As Id1 is related to the bHLH transcription factor, it is a differentiation inhibitor (Zebedee and Hara, 2001). Therefore, the early induction of Id1 may be the mechanism by which BMP inhibits differentiation by controlling the activity of the bHLH protein. For example, in neurodevelopment, BMP is an important inhibitor of neuronal differentiation, and transient induction of Id1 by BMP may reduce the stability of the neurogenic bHLH transcription factor Mash1 (Viñals et al., 2004). Similarly, the combination of Twist1 and E protein (E47) inhibits BMP signal-mediated differentiation of mesenchymal cells into osteoblasts, and Id1 induced by BMP can relieve this inhibitory effect (Hayashi et al., 2007). Therefore, we hypothesize that under the effects of BMP, Id1 induction helps to inhibit the bHLH transcription factor that is involved in the differentiation of a variety of cell lines.

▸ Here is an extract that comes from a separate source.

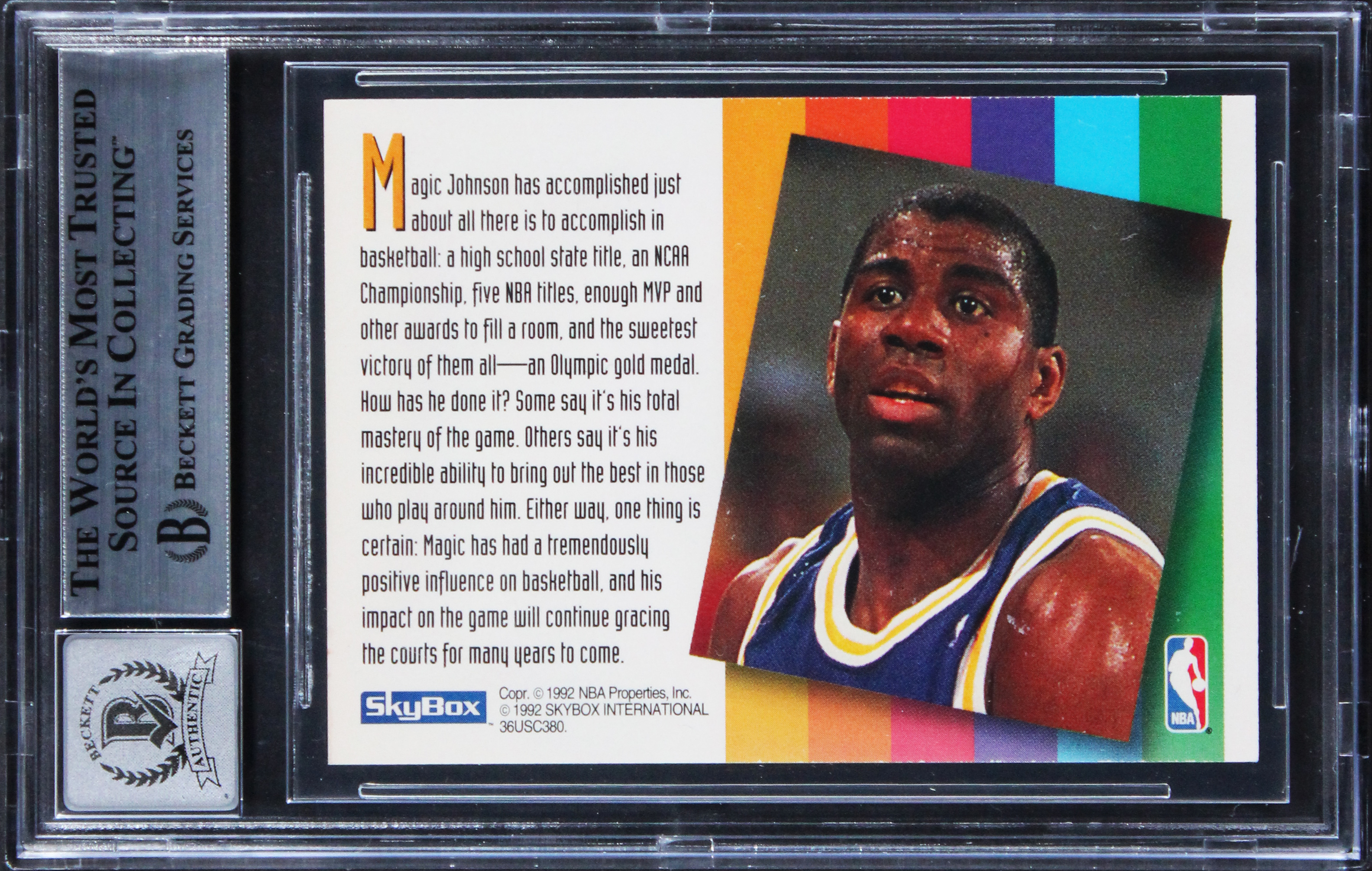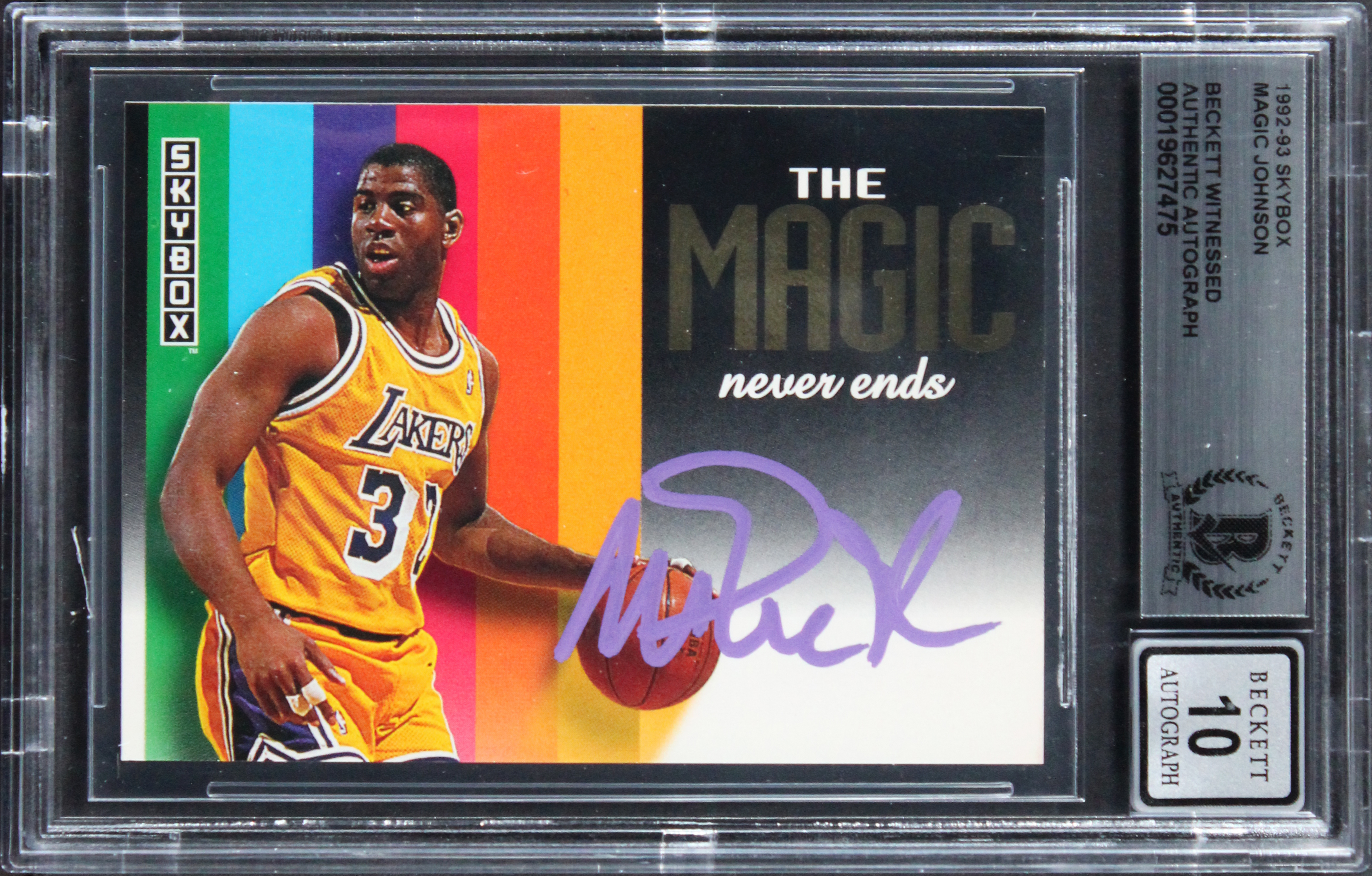 This Autographed Auto Grade Gem Mint 10! 1992 Skybox Card has been Personally Signed by Magic Johnson of the Los Angeles Lakers. This item is 100% Authentic, it comes slabbed and authenticated by Beckett Authentication Services. We conducted an autograph signing with Magic Johnson where multiples of the same item were signed. While the photographs are representative of this item, the size, placement and strength of the signature may vary. Each item is hand signed, therefore, each autograph is unique. This item can be verified through BAS Slabbed.

However, the inhibition of cell growth and partial differentiation induced by TGF-β is related to the downregulated expression of the gene encoding the Id protein (Huan et al., 2015). The induction of Id1 by TGF-β is determined by the particular levels in the cells (Li et al., 2007). In many epithelial cell lines, TGF-β downregulates Id1 expression (Di et al., 2006; Cao et al., 2009) and upregulates Id1 expression in mouse hepatic stellate cells and human fetal lung fibroblasts (Chambers et al., 2003) (Wiercinska et al., 2006). In addition, the early induction of the Id1 gene by TGF-β depends on Smad3 but not Smad2. This effect is related to the binding of Smad3 to the upstream region of the Id1 promoter (Liang et al., 2009). ECs treated with TGF-β exhibit a biphasic response: at low concentrations, the migration and proliferation of ECs are activated, while at high concentrations, these processes are inhibited (Goumans et al., 2002). This effect depends on the activation of two different TGF-βI receptors, ALK1 and ALK5. Low concentrations of TGF-β activate ALK1 signaling through Smad5, which can upregulate the expression of Id1 and increase the migration and proliferation of ECs. Under higher doses of TGF-β, Alk5 is activated, which induces PAI and may inhibit the migration and proliferation of ECs by downregulating Id1 (CelineSouilhol et al., 2018).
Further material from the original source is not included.